▸ **Source data**:

····················

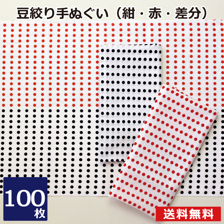 豆絞り手ぬぐい 100セット 昔ながらの豆絞り手ぬぐい お祭り イベント はちまき 手拭い 祭り 豆しぼり 赤豆 紺豆 差分豆 赤紺 紺赤 NT027-100p
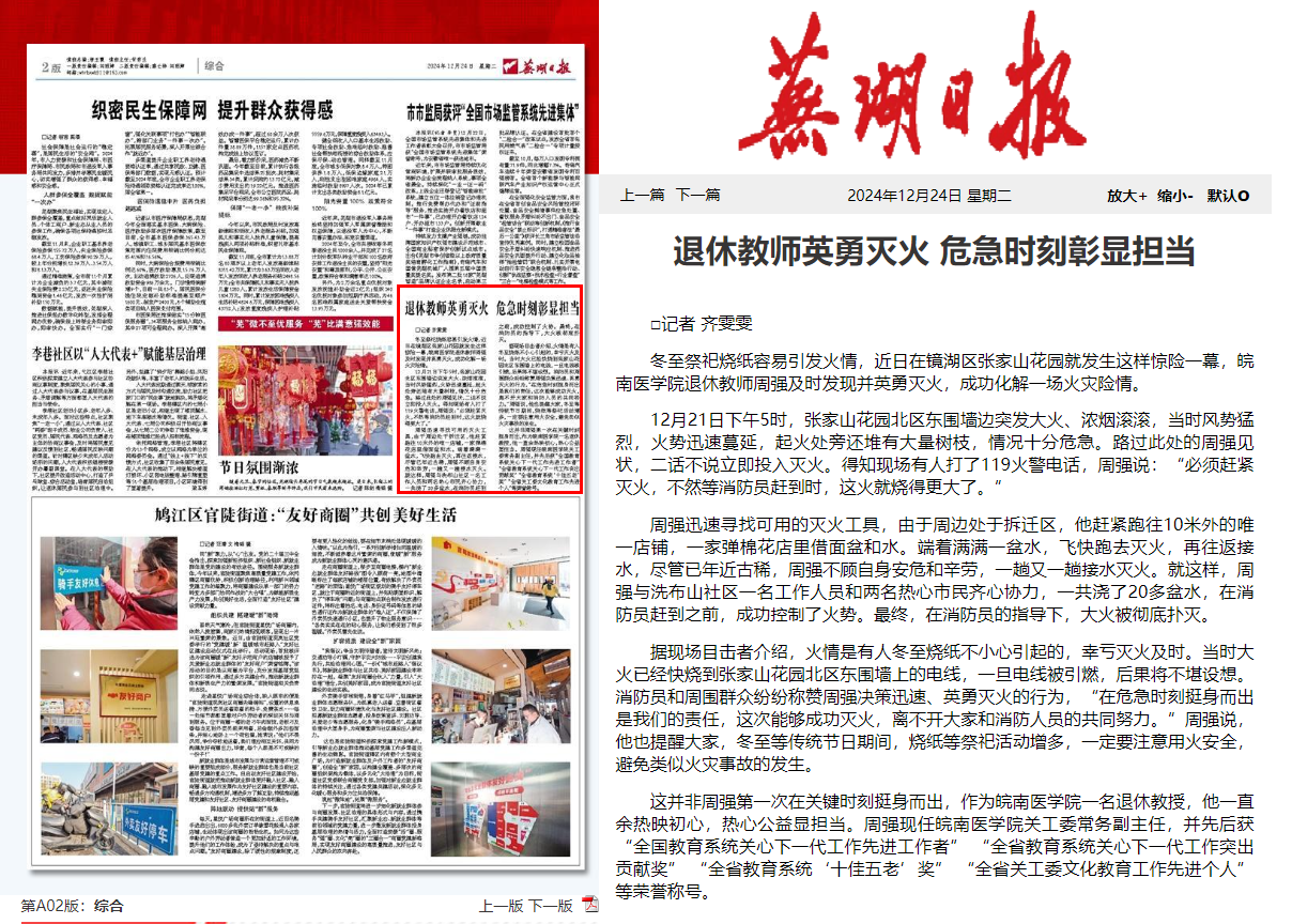 2024年12月24日,《芜湖日报》报道我校关工委常务副主任周强英勇灭火事迹。
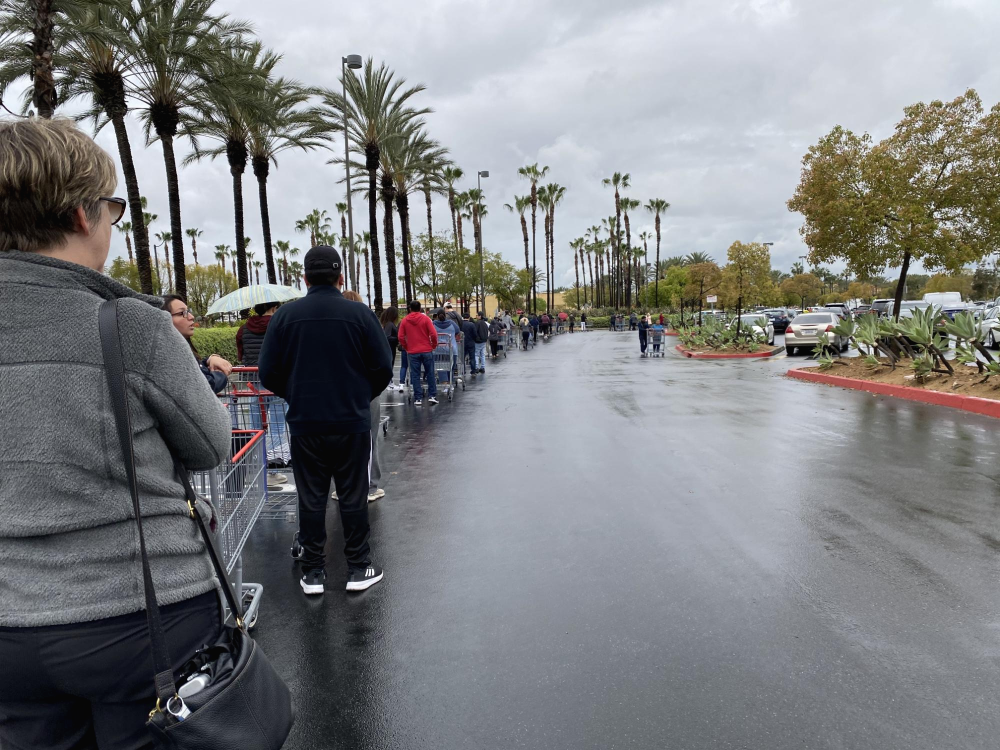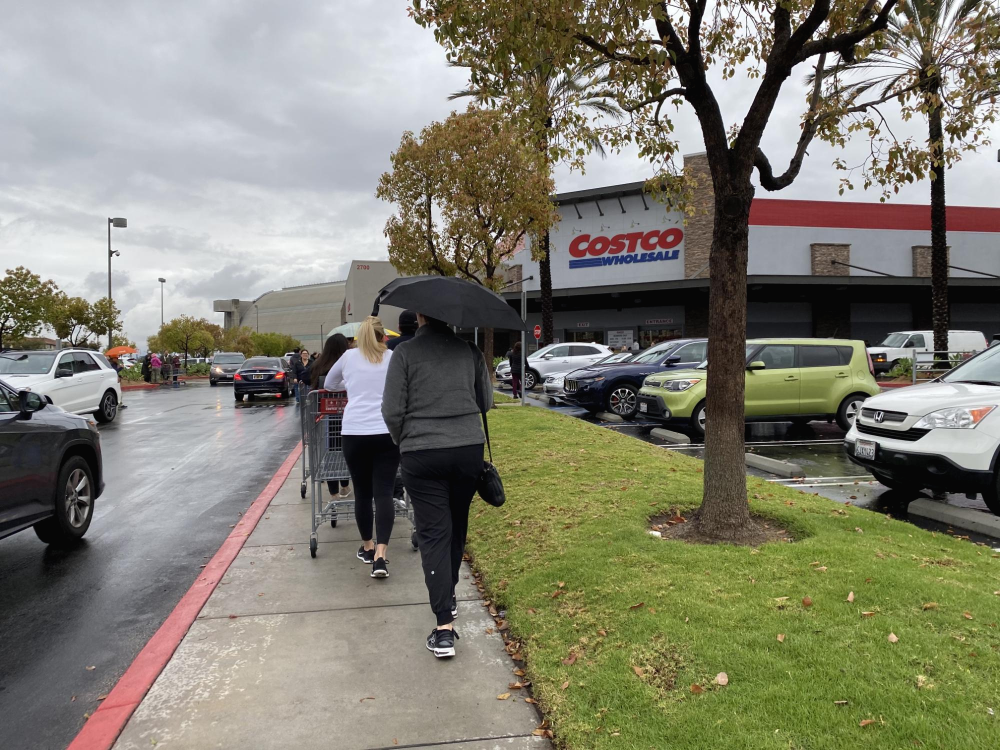 코스코(Costco)의 매장에는 물건을 사려는 사람들로 북새통을 이르고,

····················

▸ **Goal of the exercise**:
The pictures should be dropped, and every line above should be set down again exactly.

▸ **Solution**:
 豆絞り手ぬぐい 100セット 昔ながらの豆絞り手ぬぐい お祭り イベント はちまき 手拭い 祭り 豆しぼり 赤豆 紺豆 差分豆 赤紺 紺赤 NT027-100p
 2024年12月24日,《芜湖日报》报道我校关工委常务副主任周强英勇灭火事迹。
 코스코(Costco)의 매장에는 물건을 사려는 사람들로 북새통을 이르고,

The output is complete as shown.